Large Language Models: From Notes to Musical Form

Lilac Atassi
2024-04-18
Abstract:While many topics of the learning-based approach to automated music generation are under active research, musical form is under-researched. In particular, recent methods based on deep learning models generate music that, at the largest time scale, lacks any structure. In practice, music longer than one minute generated by such models is either unpleasantly repetitive or directionless. Adapting a recent music generation model, this paper proposes a novel method to generate music with form. The experimental results show that the proposed method can generate 2.5-minute-long music that is considered as pleasant as the music used to train the model. The paper first reviews a recent music generation method based on language models (transformer architecture). We discuss why learning musical form by such models is infeasible. Then we discuss our proposed method and the experiments.

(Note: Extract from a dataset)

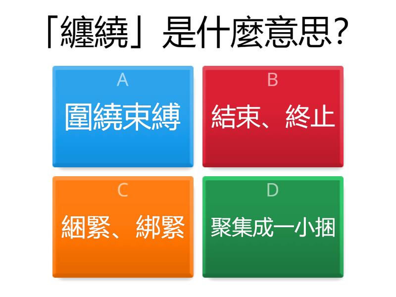 1) 「纏繞」是什麼意思? a) 圍繞束縛 b) 結束、終止 c) 綑緊、綁緊 d) 聚集成一小捆 2) 「施惠勿念」的「勿」是什麼意思? a) 必須 b) 匆忙 c) 不要 d) 一定 3) 「凡事當留餘地」的「餘地」是什麼意思? a) 剩餘的田地 b) 可讓言語或行為緩衝的空間 c) 剩下的機會 d) 檢討行為的空間 4) 「得意不宜再往」的「往」是什麼意思? a) 過去 b) 想念 c) 交往 d) 追求 5) 器具質而潔,「瓦缶」勝金玉。「瓦缶」一詞... a) 鋼鐵 b) 陶器 c) 木器 d) 銀器 6) 「餘地」和下列何者意思相近? a) 退路 b) 空地 c) 餘裕 d) 道理 7) 「受恩莫忘」和下列哪個詞語的意思相似? a) 飲水思源 b) 施惠勿念 c) 忘恩負義 d) 得意忘形 8) 下列何者的意思和「山珍海味」相反? a) 錦衣玉食 b) 粗茶淡飯 c) 珍饈佳肴 d) 鮮衣美食 9) 下列詞語之間的關係,何者是相似詞? a) 莫忘/勿念 b) 受恩/施惠 c) 恆念/常記 d) 簡潔/複雜 10) 下列詞語之間的關係,何者是相反詞? a) 簡潔/簡要 b) 餘地/退路 c) 得意/失意 d) 維艱/艱難 11) 下列哪一個「腹」字的用法與其他三者不同? a) 「腹」痛 b) 口蜜「腹」劍 c) 捧「腹」大笑 d) 「腹」部 12) 下列「纏」字,何者與「纏繞束縛」的「纏」字用法相同? a) 死「纏」爛打 b) 胡攪蠻「纏」 c) 腰「纏」萬貫 d) 這個人真難「纏」 13) 下列各組「」中的字義,何者前後的意思相似? a) 「毋」忘/「毋」須 b) 恩「惠」/「惠」顧 c) 「縷」析/絲「縷」 d) 「預」備/干「預」 14) 下列各組「」中的字義,何者前後的意思不同? a) 「預」備/「預」計 b) 「勿」念/「勿」用 c) 「悲」傷/「悲」天憫人 d) 平「凡」/非「凡」 15) 姐姐平日上課專心聽講,按時複習課業... a) 臨渴掘井 b) 未雨綢繆 c) 樂極生悲 d) 幸災樂禍

Sound,Audio and Speech Processing
What problem does this paper attempt to address?
The problem that this paper attempts to solve is the lack of structure in music generation. Specifically, existing methods based on deep - learning models lack any structure on the largest time scale when generating music. This means that music generated using these models for more than one minute is often either monotonously repetitive or has no sense of direction. Therefore, the paper proposes a new method, aiming to generate music with structure, especially being able to generate music that is considered as melodious as the music used to train the model on a 2.5 - minute time scale. Through this method, the paper hopes to overcome the limitation of existing models in maintaining the musical form when generating long - time music.